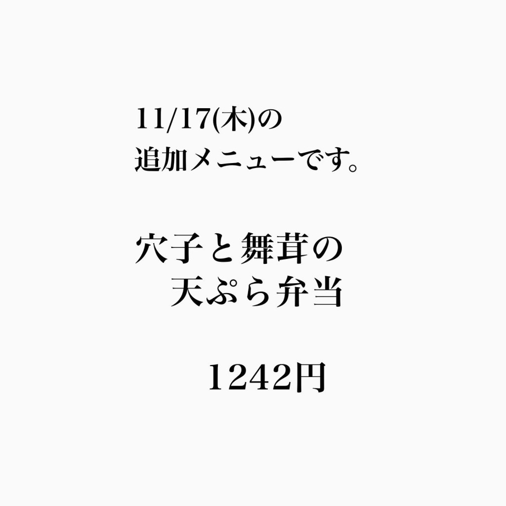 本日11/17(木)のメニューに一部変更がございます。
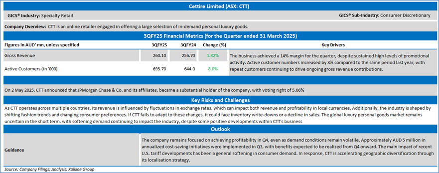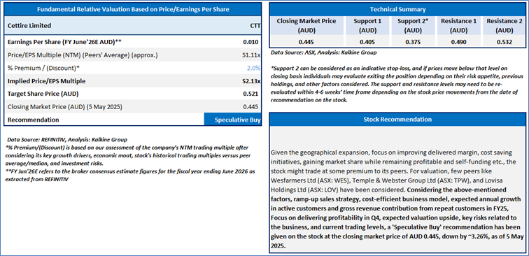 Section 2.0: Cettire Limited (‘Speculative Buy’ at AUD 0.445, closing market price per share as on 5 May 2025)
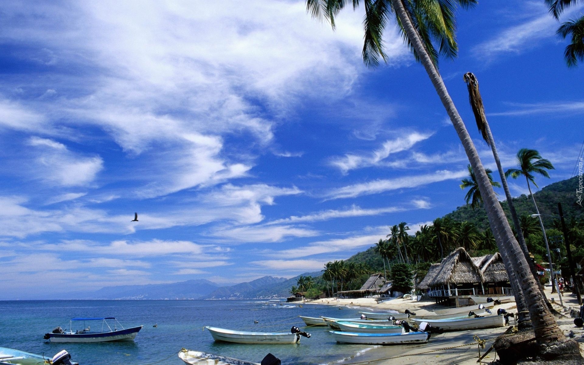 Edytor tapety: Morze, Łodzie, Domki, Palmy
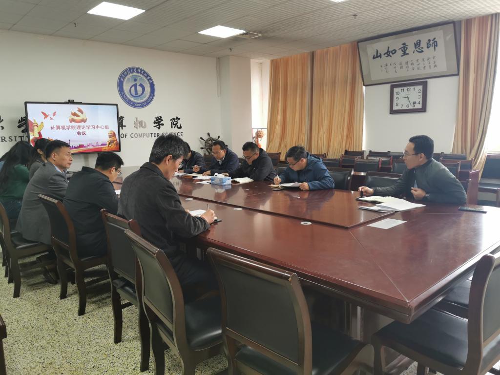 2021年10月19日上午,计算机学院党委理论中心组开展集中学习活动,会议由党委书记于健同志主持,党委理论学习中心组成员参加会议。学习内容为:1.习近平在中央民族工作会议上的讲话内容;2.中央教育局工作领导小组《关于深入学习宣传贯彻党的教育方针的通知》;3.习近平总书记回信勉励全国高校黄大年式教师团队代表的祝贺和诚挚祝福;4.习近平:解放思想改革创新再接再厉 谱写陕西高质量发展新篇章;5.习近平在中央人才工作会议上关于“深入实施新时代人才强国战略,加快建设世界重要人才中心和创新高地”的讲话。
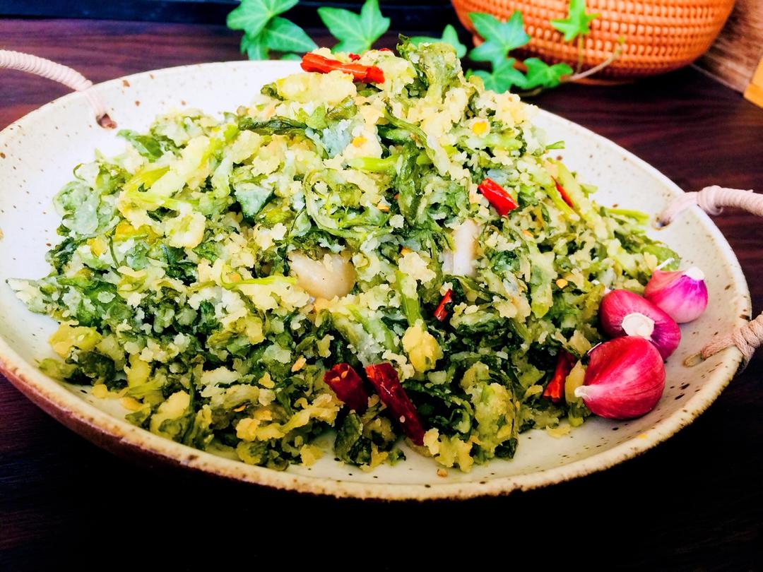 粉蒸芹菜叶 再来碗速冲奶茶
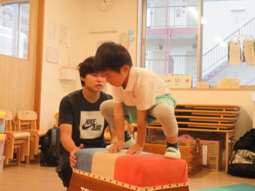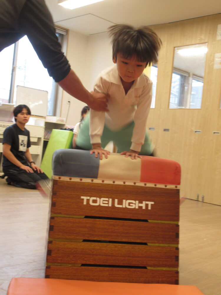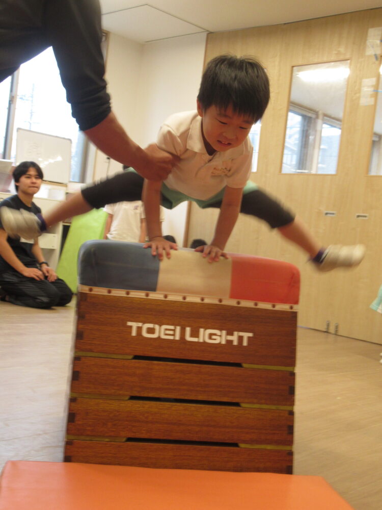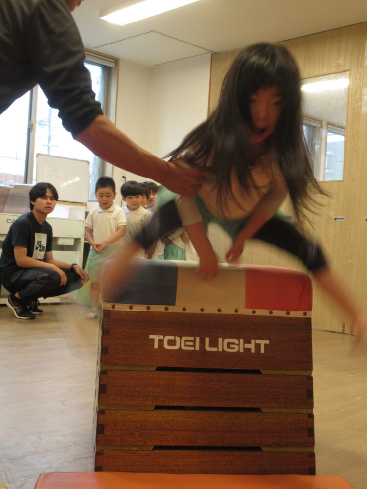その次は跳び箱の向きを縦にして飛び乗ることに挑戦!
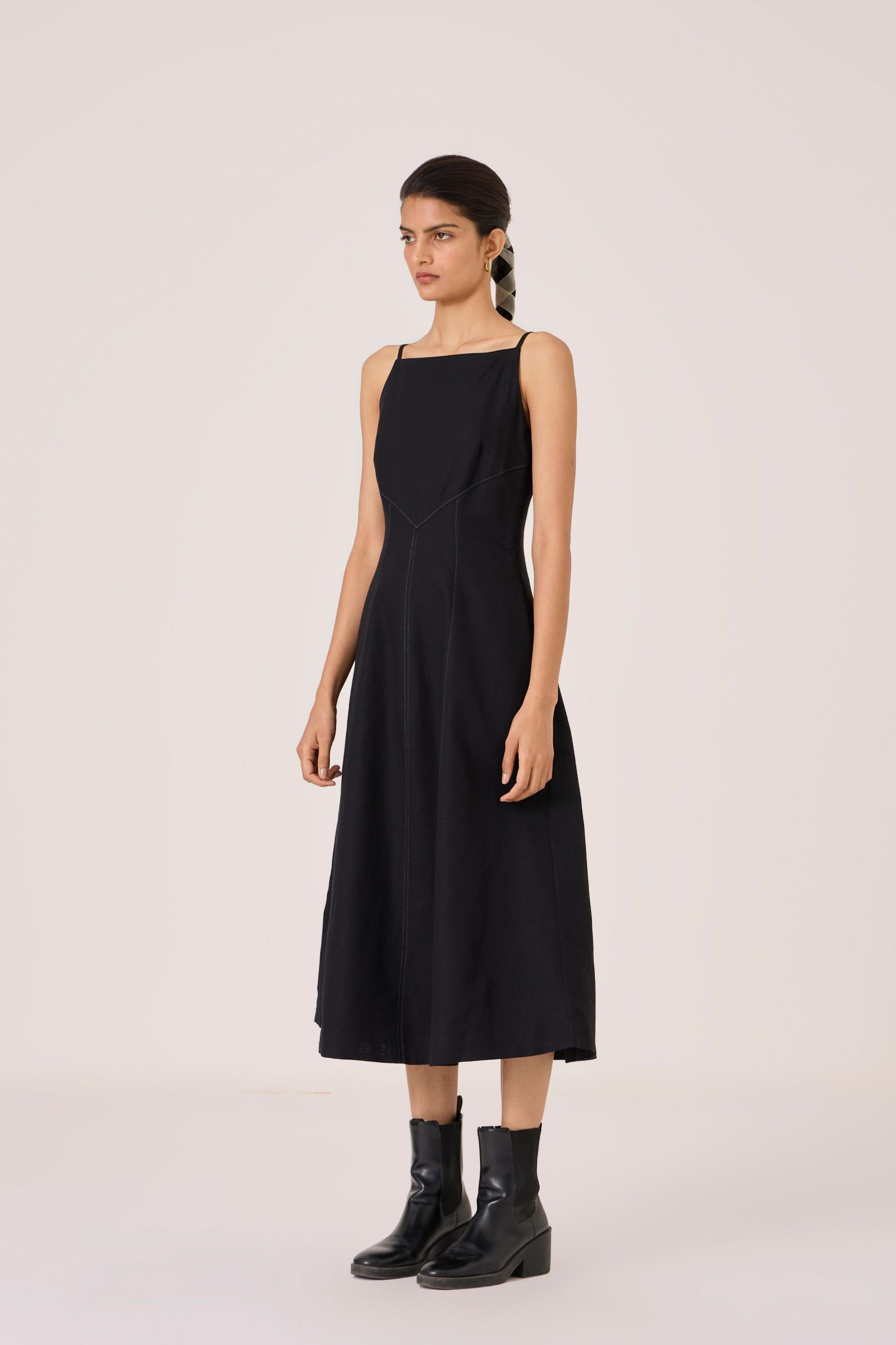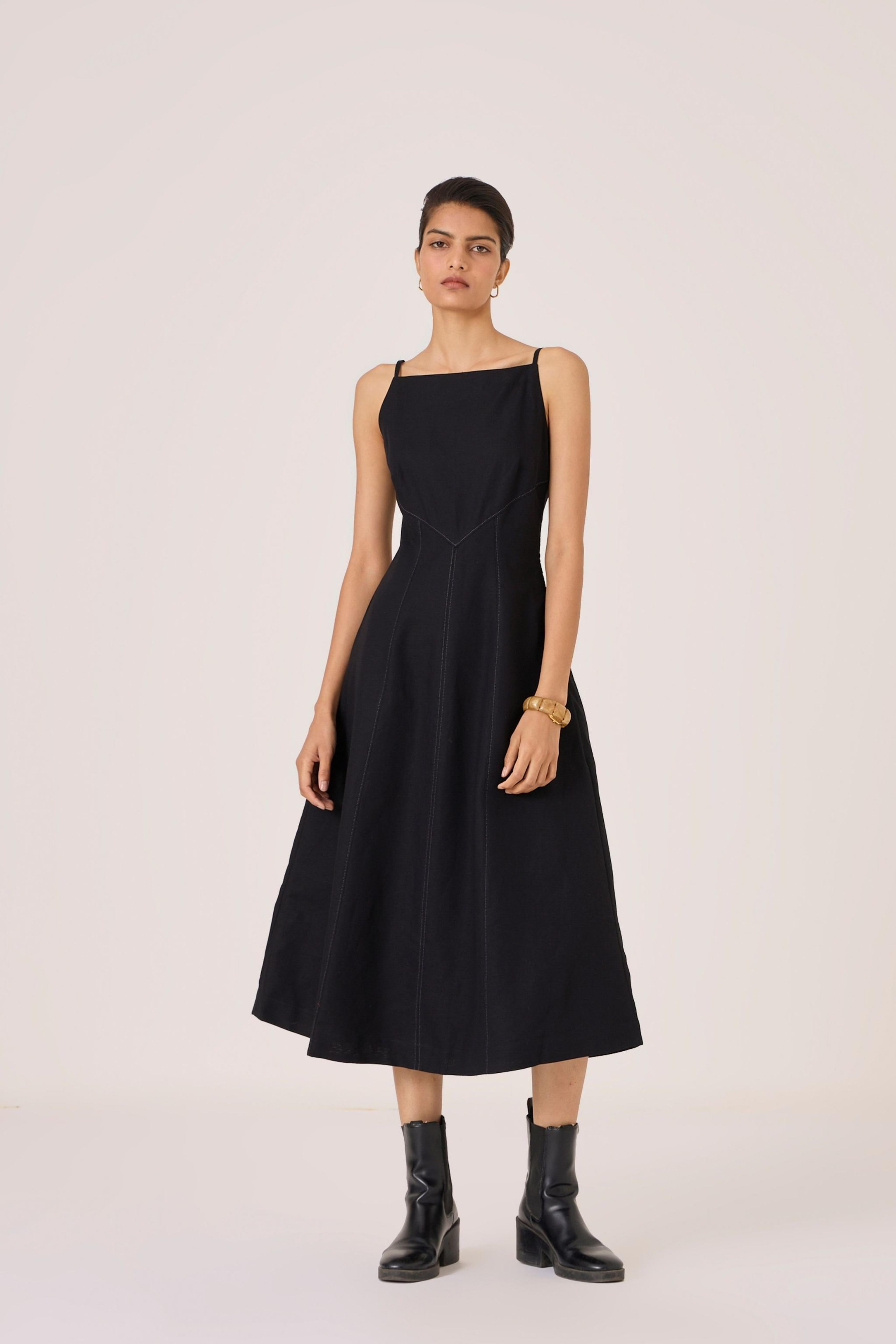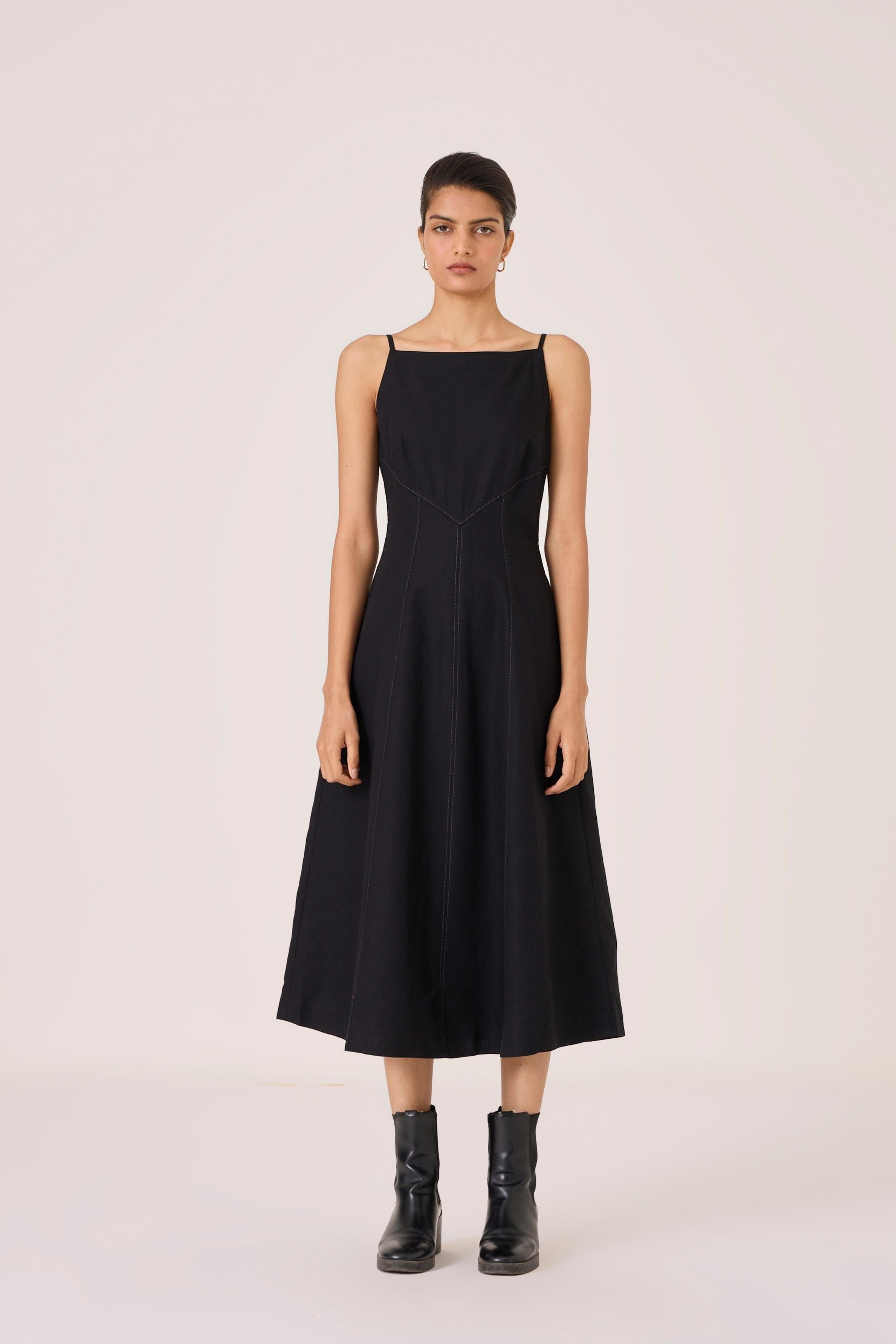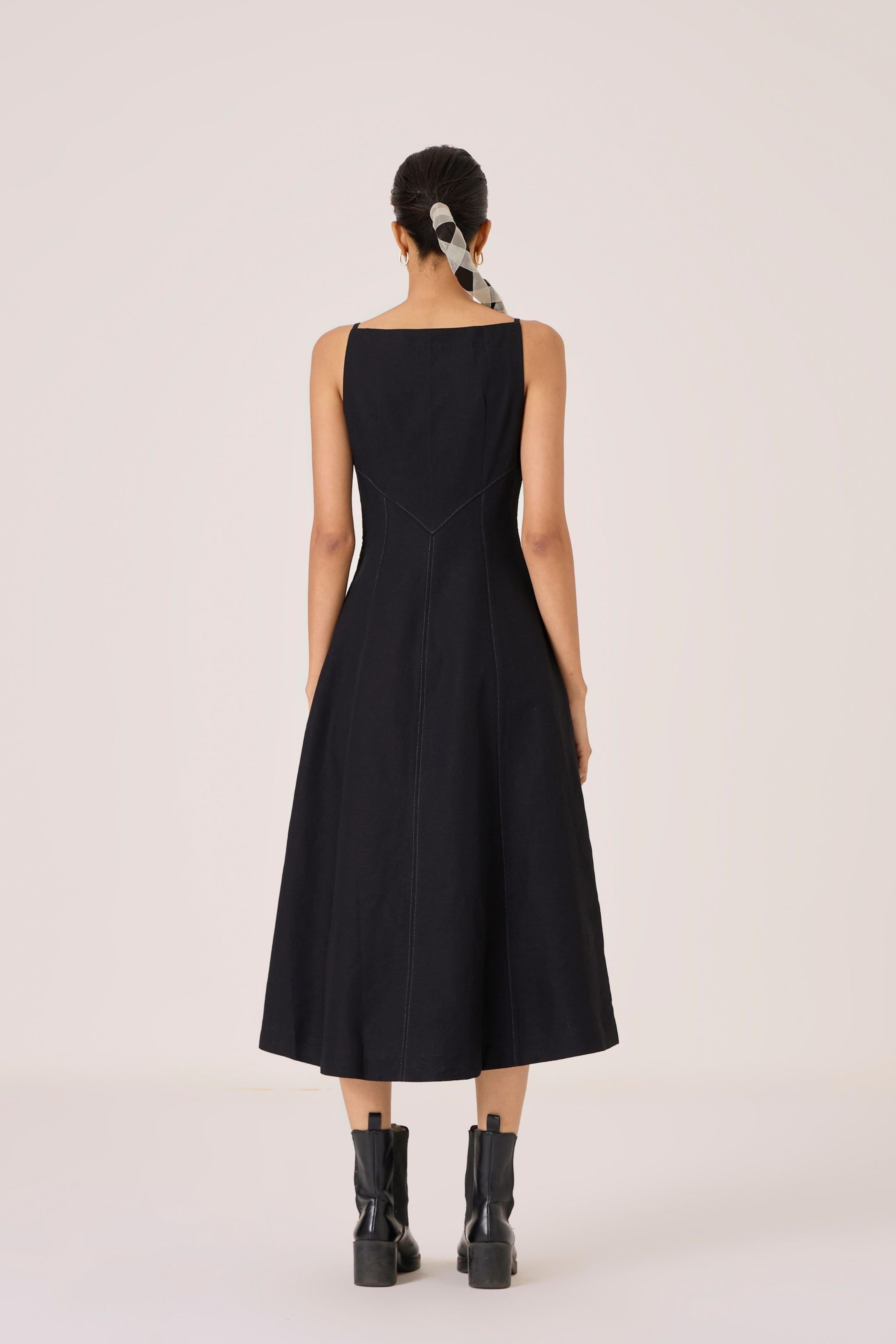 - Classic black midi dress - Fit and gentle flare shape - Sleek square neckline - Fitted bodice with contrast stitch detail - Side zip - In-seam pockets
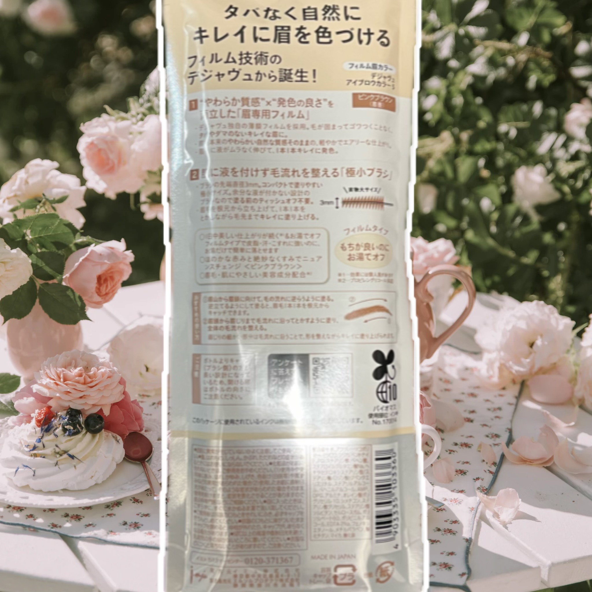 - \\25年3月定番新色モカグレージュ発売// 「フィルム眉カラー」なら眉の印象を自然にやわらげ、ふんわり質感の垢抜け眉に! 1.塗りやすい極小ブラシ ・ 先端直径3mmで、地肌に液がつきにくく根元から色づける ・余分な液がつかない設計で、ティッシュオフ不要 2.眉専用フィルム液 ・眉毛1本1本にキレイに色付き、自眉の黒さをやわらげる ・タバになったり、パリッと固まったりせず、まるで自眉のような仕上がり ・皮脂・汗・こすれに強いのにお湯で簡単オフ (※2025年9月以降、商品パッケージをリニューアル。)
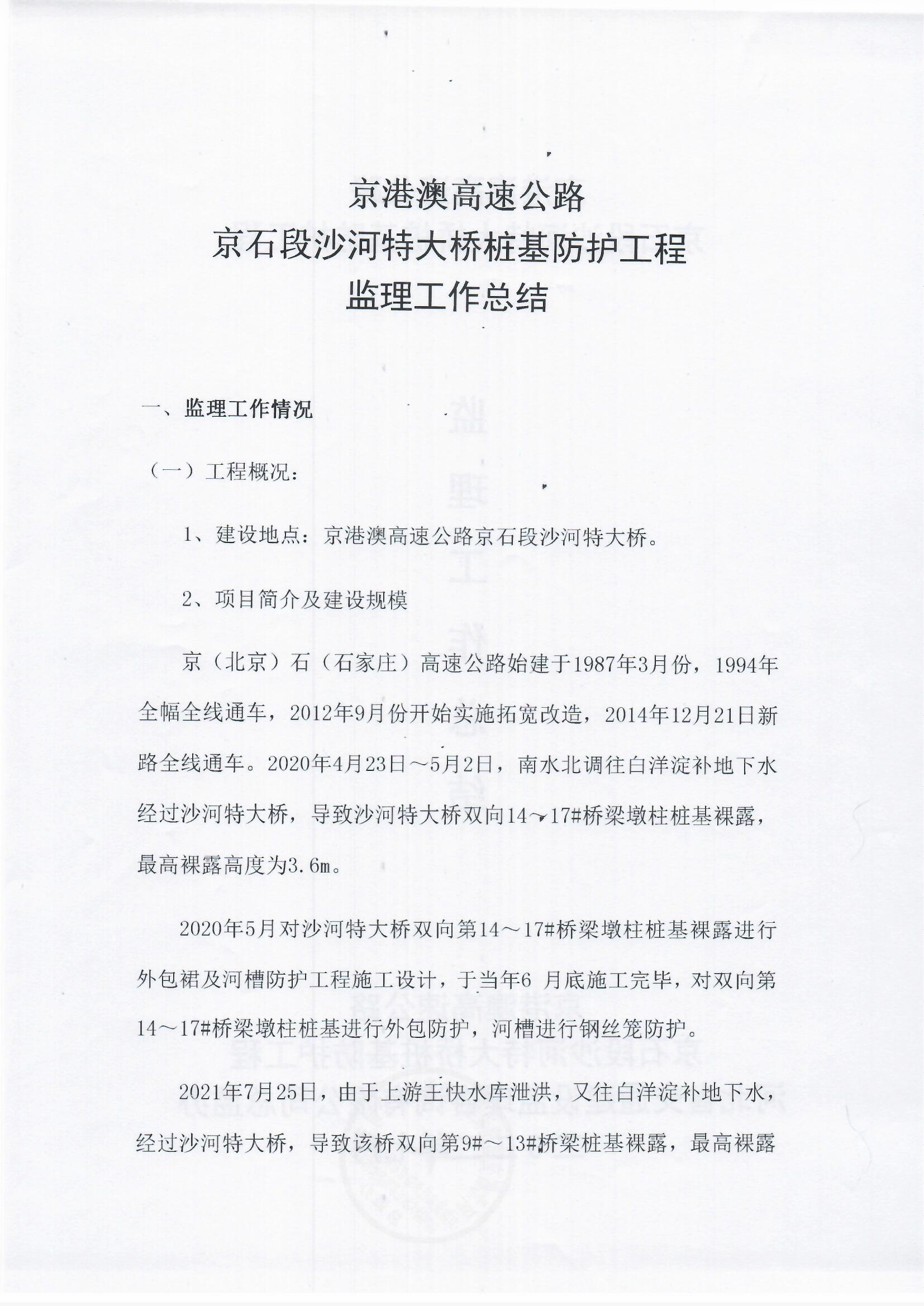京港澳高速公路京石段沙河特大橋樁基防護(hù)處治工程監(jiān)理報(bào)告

------------------------------

• [WHAT THE TASK ASKS]: Set down the material above exactly. Skip any picture.

• [ANSWER FOR THIS EXERCISE]:
 本日11/17(木)のメニューに一部変更がございます。
 Section 2.0: Cettire Limited (‘Speculative Buy’ at AUD 0.445, closing market price per share as on 5 May 2025)
 Edytor tapety: Morze, Łodzie, Domki, Palmy
 2021年10月19日上午,计算机学院党委理论中心组开展集中学习活动,会议由党委书记于健同志主持,党委理论学习中心组成员参加会议。学习内容为:1.习近平在中央民族工作会议上的讲话内容;2.中央教育局工作领导小组《关于深入学习宣传贯彻党的教育方针的通知》;3.习近平总书记回信勉励全国高校黄大年式教师团队代表的祝贺和诚挚祝福;4.习近平:解放思想改革创新再接再厉 谱写陕西高质量发展新篇章;5.习近平在中央人才工作会议上关于“深入实施新时代人才强国战略,加快建设世界重要人才中心和创新高地”的讲话。
 粉蒸芹菜叶 再来碗速冲奶茶
その次は跳び箱の向きを縦にして飛び乗ることに挑戦!
 - Classic black midi dress - Fit and gentle flare shape - Sleek square neckline - Fitted bodice with contrast stitch detail - Side zip - In-seam pockets
 - \\25年3月定番新色モカグレージュ発売// 「フィルム眉カラー」なら眉の印象を自然にやわらげ、ふんわり質感の垢抜け眉に! 1.塗りやすい極小ブラシ ・ 先端直径3mmで、地肌に液がつきにくく根元から色づける ・余分な液がつかない設計で、ティッシュオフ不要 2.眉専用フィルム液 ・眉毛1本1本にキレイに色付き、自眉の黒さをやわらげる ・タバになったり、パリッと固まったりせず、まるで自眉のような仕上がり ・皮脂・汗・こすれに強いのにお湯で簡単オフ (※2025年9月以降、商品パッケージをリニューアル。)
京港澳高速公路京石段沙河特大橋樁基防護(hù)處治工程監(jiān)理報(bào)告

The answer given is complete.